2. To find the intersection point of the lines, we convert them to slope-intercept form then equate them to each other.
3x - 2y - 7 = 0
2y = 3x - 7
y = (3/2)x - 7/2
and
4x - 3y + 2 = 0
3y = 4x + 2
y = (4/3)x + 2/3
Equating the two:
(3/2)x - 7/2 = (4/3)x + 2/3
(1/6)x = 25/6
x = 25
So, the two lines intersect at x = 25. Substituting x = 25 into the first equation,
3(25) - 2y - 7 = 0
75 - 2y - 7 = 0
68 = 2y
y = 34
This gives (25, 34).
The gradient of the line passing through (25, 34) and (1, 4) is:
(34 - 4)/(25 - 1) = 5/4
Writing the point-slope form:
y - 4 = (5/4)(x - 1)
This gives:
y - 4 = (5/4)x - 5/4
y - 11/4 - (5/4)x = 0
3. The slope of the parabola y = 4 - 3x - x^2 is found by taking the derivative.
y' = -2x - 3
For a line to be tangent, it has to touch the parabola and have a slope equal to the slope of the parabola at the point of intersection.

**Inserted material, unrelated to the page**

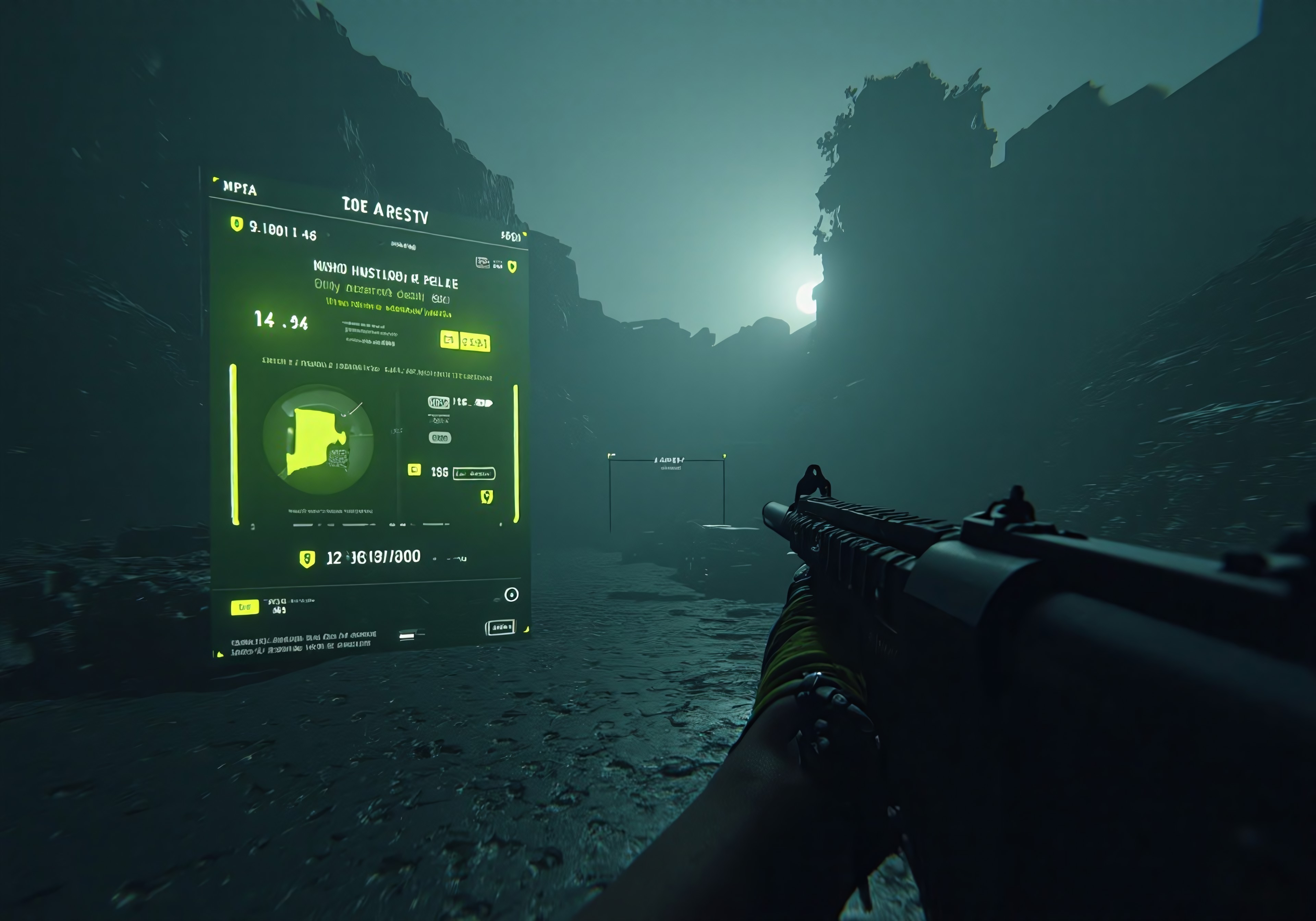 Cinematic scene, futuristic mix world war, action cam, realistic dim lighting. HUD vision view, Light Yellow mix green vision view, battle info screen, Life parameters, signal monitoring. Foreground: handing gun. Background: battleruins city, detroyed city, trench warfare, iron mesh, battle bunker. Thermal light enemies, wwi uniform.

The point of intersection of the line and parabola can be found by equating the two equations:
x + 8 = 4 - 3x - x^2
x^2 + 4x + 4 = 0
(x + 2)^2 = 0
This gives x = -2, substituting this into the equation of the slope of the parabola:
y' = -2(-2) - 3 = 1
Since the slope of the parabola is 1 at the point of intersection, and the slope of y = x + 8 is clearly 1, the line y = x + 8 is a tangent to the parabola.